Start of Block

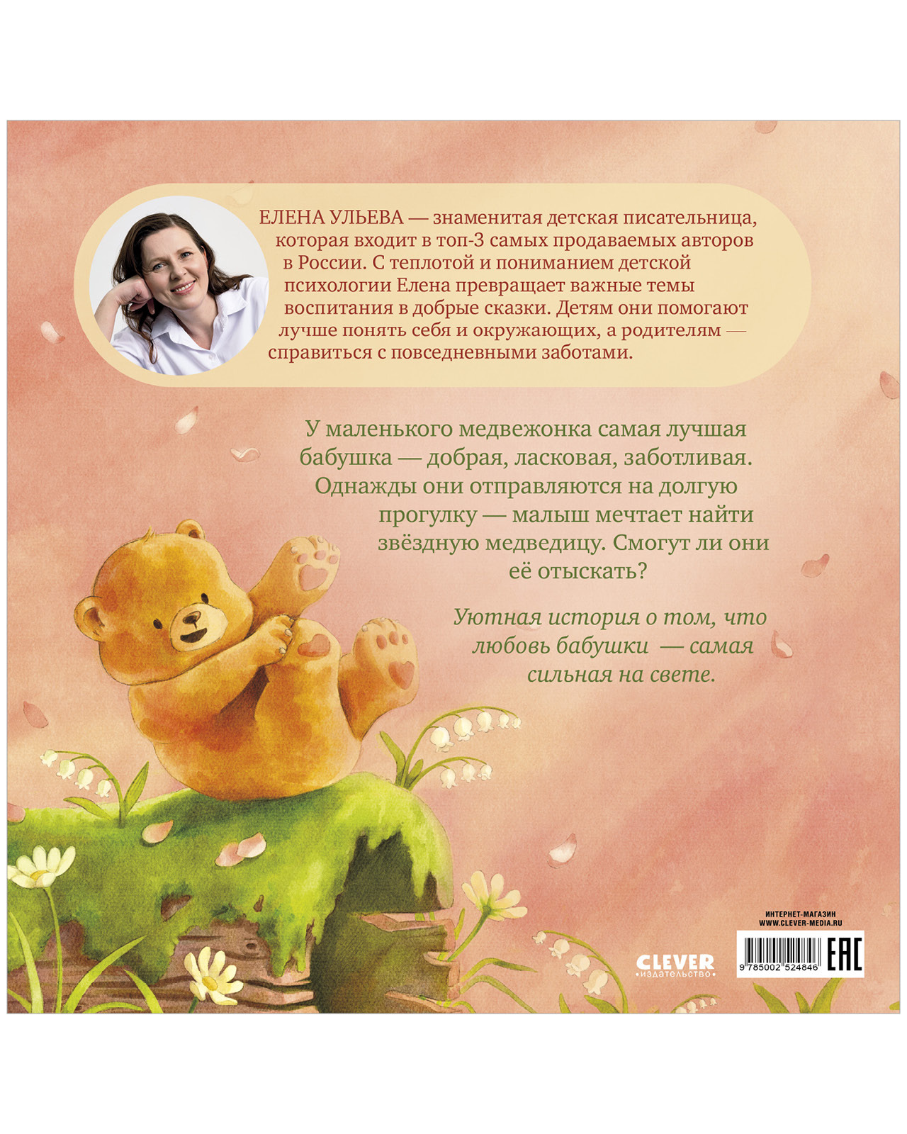 У маленького медвежонка самая лучшая бабушка — добрая, ласковая, заботливая. Однажды они отправляются на долгую прогулку — малыш мечтает найти звездную медведицу. Смогут ли они ее отыскать?
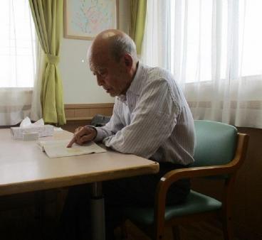 写真のお客様はご自宅でご生活されていた時から本を読んだり、新聞の切り抜きをしたりすることが好きだった方です。午後の時間、ゆっくりと読書をされている所をお写真に撮らせて頂きました。
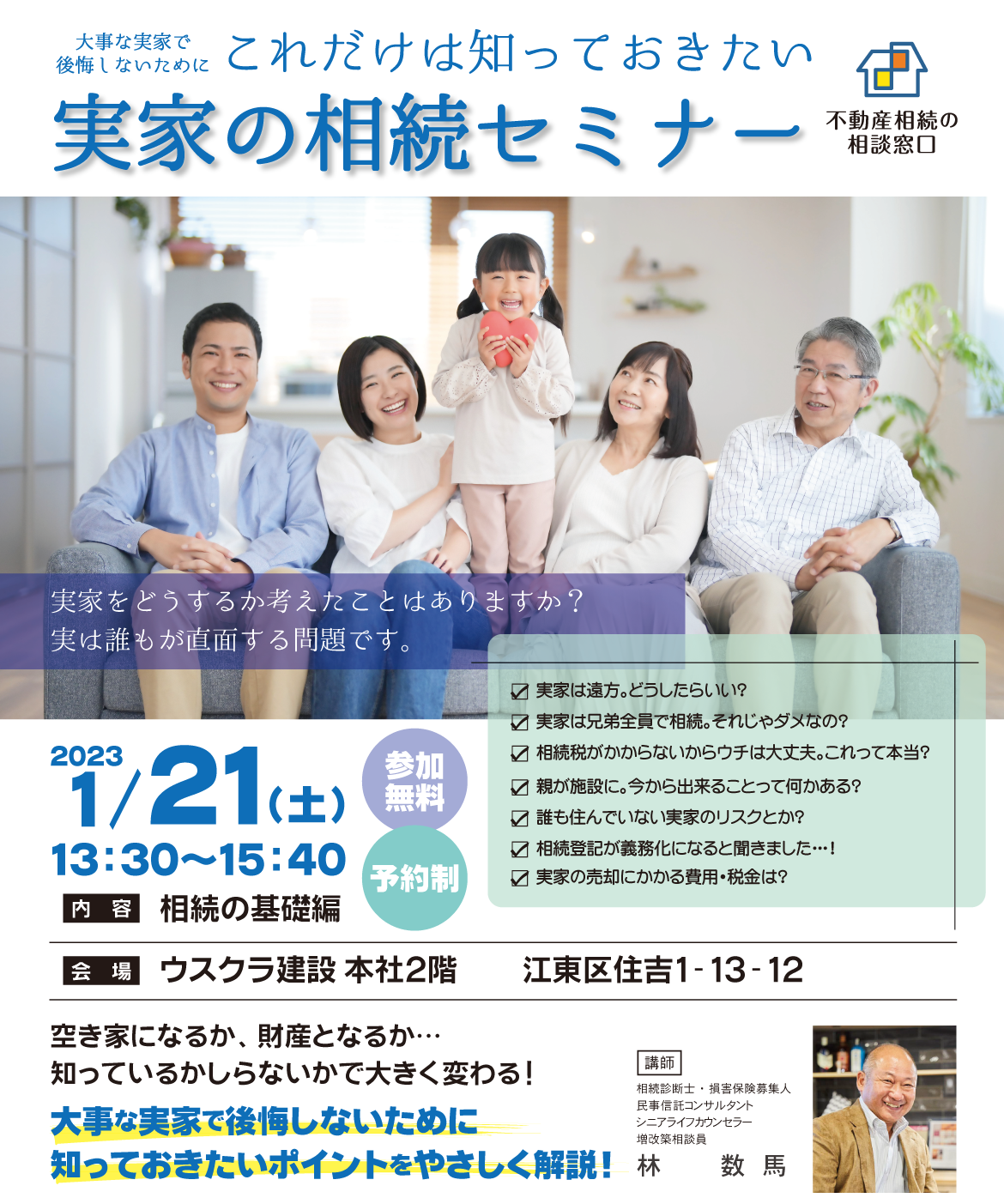 【終了しました】1月21日(土)に【実家の相続セミナー】を開催いたします このイベントは終了しました。 ありがとうございました。 チラシデータ(PDF版) 関連投稿: 【終了しました】5月20日(土)に【実家の相続セミナー】を開催いたします 【終了しました】6月17日(土)に【実家の相続セミナー】を開催いたします 【終了しました】1月13日(土)に【実家の相続セミナー】を開催いたします 【終了しました】2月24日(土)に【実家の相続セミナー】を開催いたします 弊社
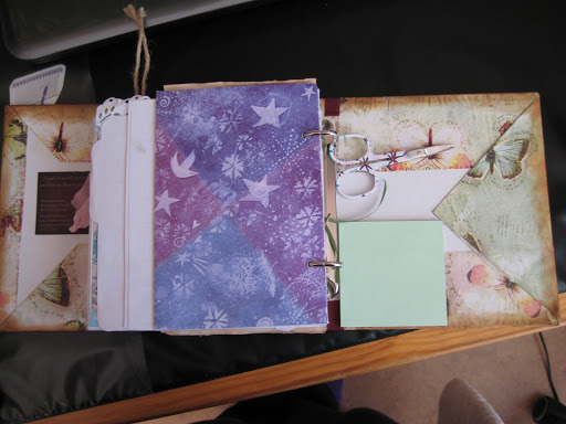 På sistasidan satte jag ett hemmagjort kuvert för att kunna lägga i lite allt möjligt smått och gott . Saxen är ett nödvändigt ting när man scrapbookar och därför var jag tvungen att skaffa en liten en. Hittade en i en sybutik för endast 39 kr. Post-it-lappar är även det ett måste att ha med sig.
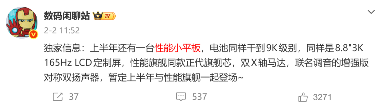 结合该博主此前爆料,该LCD性能小平板或为REDMI K Pad 2,搭载性能旗舰同款正代旗舰处理器,配备8.8英寸3K 165Hz LCD定制屏幕,内置9K级电池,拥有双X轴马达、联名调音的增强版对称双扬。
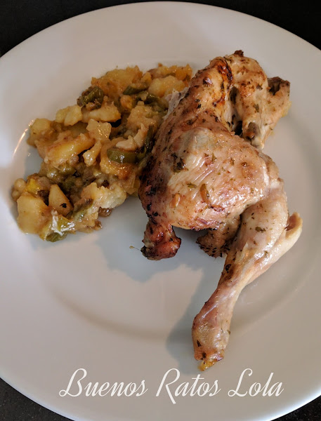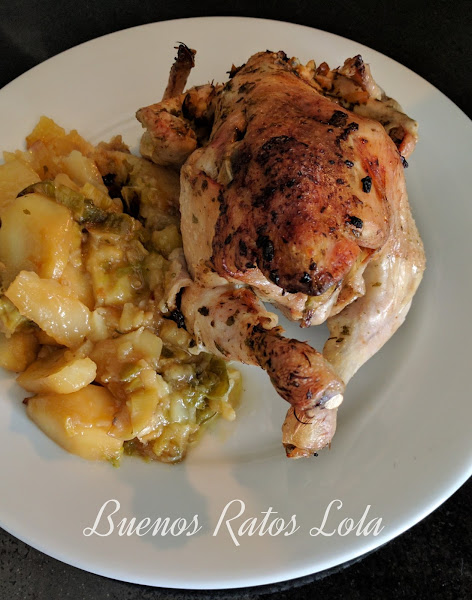 Quedan de lujo, tanto de sabor como de aspecto. Presenta un pollo o medio por comensal acompañado de las patatas a lo pobre. Espero que te animes y prepares esta receta
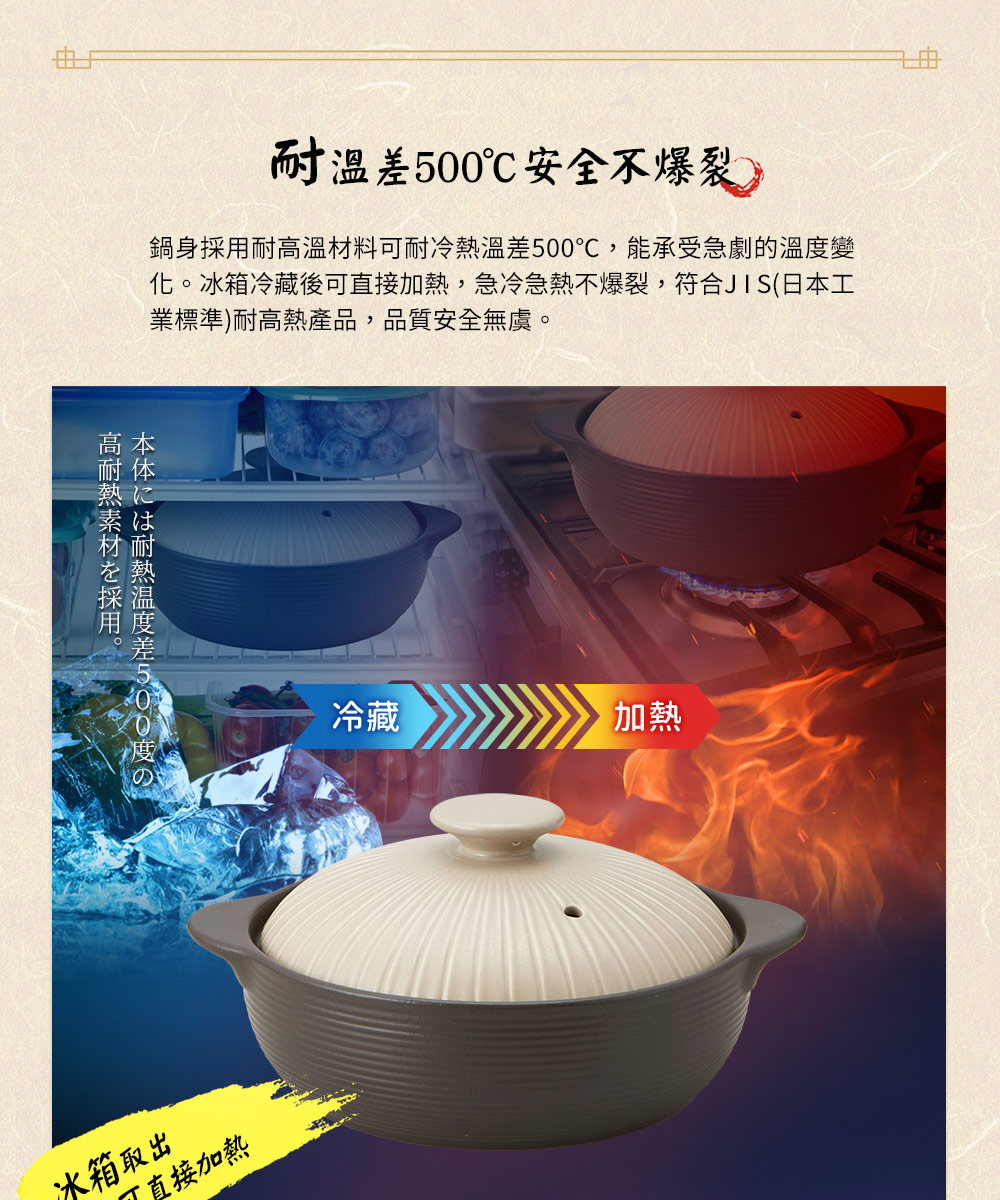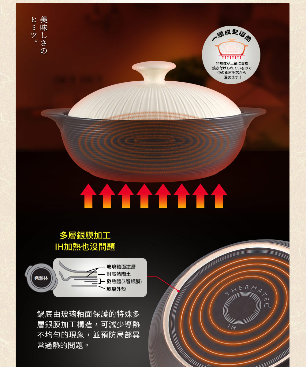 ◆IH全功能,適用各種爐具◆玻璃釉面導熱快且均勻◆紅外線功能有效保留食物營養◆吸水率0.5%以下,氣味不殘留◆耐溫差500℃以上,品質優良◆與日本同步發售
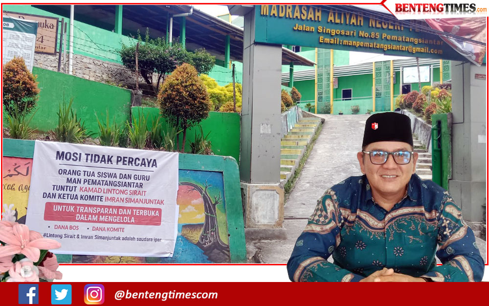 SIANTAR, BENTENGSIANTAR.com– Kinerja Komite Sekolah Madrasah Aliyah Negeri (MAN) Kota Pematangsiantar, terutama dalam hal pengelolaan Dana Komite sekolah menjadi sorotan publik. Fenomena ini mencuat pasca kemunculan spanduk berisi mosi tidak percaya dari orangtua terhadap kepala madrasah, Lintong Sirait dan ketua komite, Imran Simanjuntak, yang terpampang di depan gerbang pintu masuk madrasah.
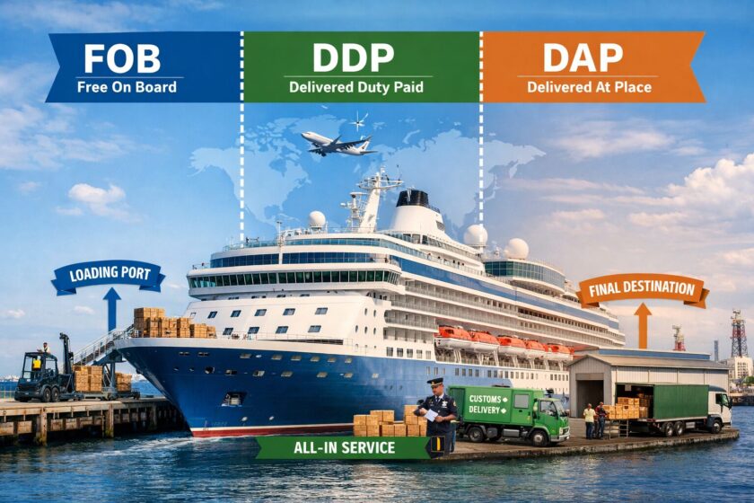 貿易においてよく使われる「FOB・DAP・DDP」は、商品の受け渡しや費用負担の範囲を決める取引条件です。
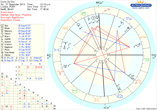 Hoje é o solstício de Inverno, o dia mais curto do ano no hemisfério Norte, marcado pela entrada do Sol no signo do Capricórnio. É tempo de pesar bem as estruturas em que estamos inseridos, familiares, sociais e políticas, assumir responsabilidades, estar atento às tradições e pensar a longo prazo. Em simultâneo, hoje e até ao final de Janeiro, Vénus, símbolo das relações ou acordos pessoais e financeiros, deusa do amor e dos prazeres entra retrógrada no último grau de Capricórnio. Temos assim pela frente seis semanas para rever a ordem que programamos nessas áreas relacionais, repensar acordos e valores, seja no amor, nas finanças ou no poder. A introspeção é fundamental para podermos libertarmo-nos de limites do passado e apostar em novas estruturas. Para ajudar esse processo que nos obriga a ir á raíz das questões, hoje Vénus faz um paralelo a Plutão em Capricórnio e a exigência de renascer das cinzas vai aos seus limites. As pulsões de controlo, vitimização, manipulação e toda a panóplia de respostas passionais seja nas finanças, dívidas, ou envolvimentos amorosos surgem intempestivas e há que abrir mão, aceitar que as situações têm de ser revistas para dar lugar ao novo em mais um dos ciclos sucessivos de transformação que até 2015 vão pontuar a vida pessoal e colectiva. Marte em Balança, regida por Vénus incita a redefinir equilíbrios mas apesar da abordagem ser a mais diplomática possível os confrontos ou rupturas são inevitáveis até ao final do ano com Marte a fazer oposição a Urano e quadratura Plutão. Atenção, calma e cuidado são palavras chave para passar o melhor possível a quadra festiva.
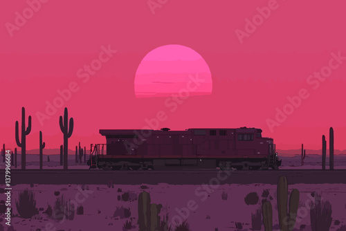 Train Silhouette on Tracks: A sleek train silhouette chugs along the tracks, a plume of smoke billowing, depicting a sense of journey and the romance of rail travel.
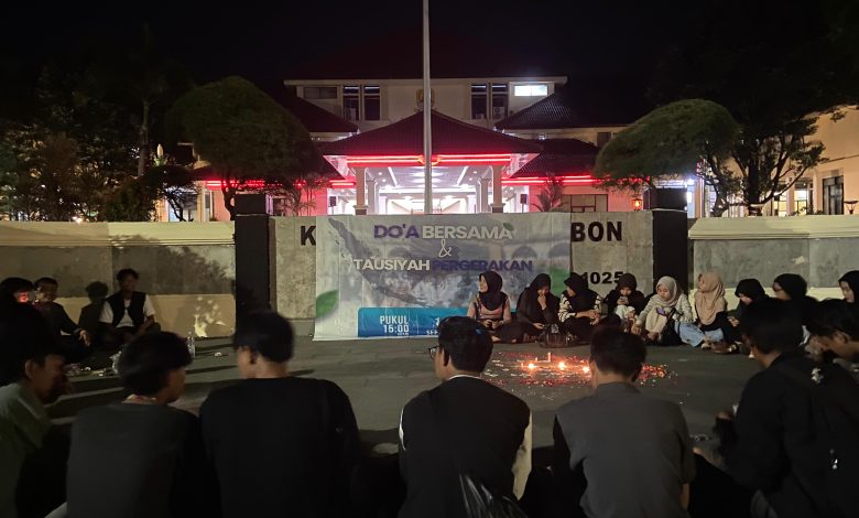 kacenews.id-CIREBON-Pengurus Cabang Pergerakan Mahasiswa Islam Indonesia (PC PMII) Cirebon bersama dengan Dewan Eksekutif Mahasiswa Perguruan Tinggi Keagamaan Islam Negeri (DEMA PTKIN) melaksanakan tausiyah pergerakan dan doa bersama depan Kantor Bupati Cirebon, Minggu (14/9/2025).

End of Block

- _Goal of the exercise_:
Give again, exactly as written above, every line from the one holding "结合该博主此前爆料,该LCD性能小平板或为REDMI K Pad" to the one holding "貿易においてよく使われる「F", with both ends kept and the pictures left out.

- _Task output_:
 结合该博主此前爆料,该LCD性能小平板或为REDMI K Pad 2,搭载性能旗舰同款正代旗舰处理器,配备8.8英寸3K 165Hz LCD定制屏幕,内置9K级电池,拥有双X轴马达、联名调音的增强版对称双扬。
 Quedan de lujo, tanto de sabor como de aspecto. Presenta un pollo o medio por comensal acompañado de las patatas a lo pobre. Espero que te animes y prepares esta receta
 ◆IH全功能,適用各種爐具◆玻璃釉面導熱快且均勻◆紅外線功能有效保留食物營養◆吸水率0.5%以下,氣味不殘留◆耐溫差500℃以上,品質優良◆與日本同步發售
 SIANTAR, BENTENGSIANTAR.com– Kinerja Komite Sekolah Madrasah Aliyah Negeri (MAN) Kota Pematangsiantar, terutama dalam hal pengelolaan Dana Komite sekolah menjadi sorotan publik. Fenomena ini mencuat pasca kemunculan spanduk berisi mosi tidak percaya dari orangtua terhadap kepala madrasah, Lintong Sirait dan ketua komite, Imran Simanjuntak, yang terpampang di depan gerbang pintu masuk madrasah.
 貿易においてよく使われる「FOB・DAP・DDP」は、商品の受け渡しや費用負担の範囲を決める取引条件です。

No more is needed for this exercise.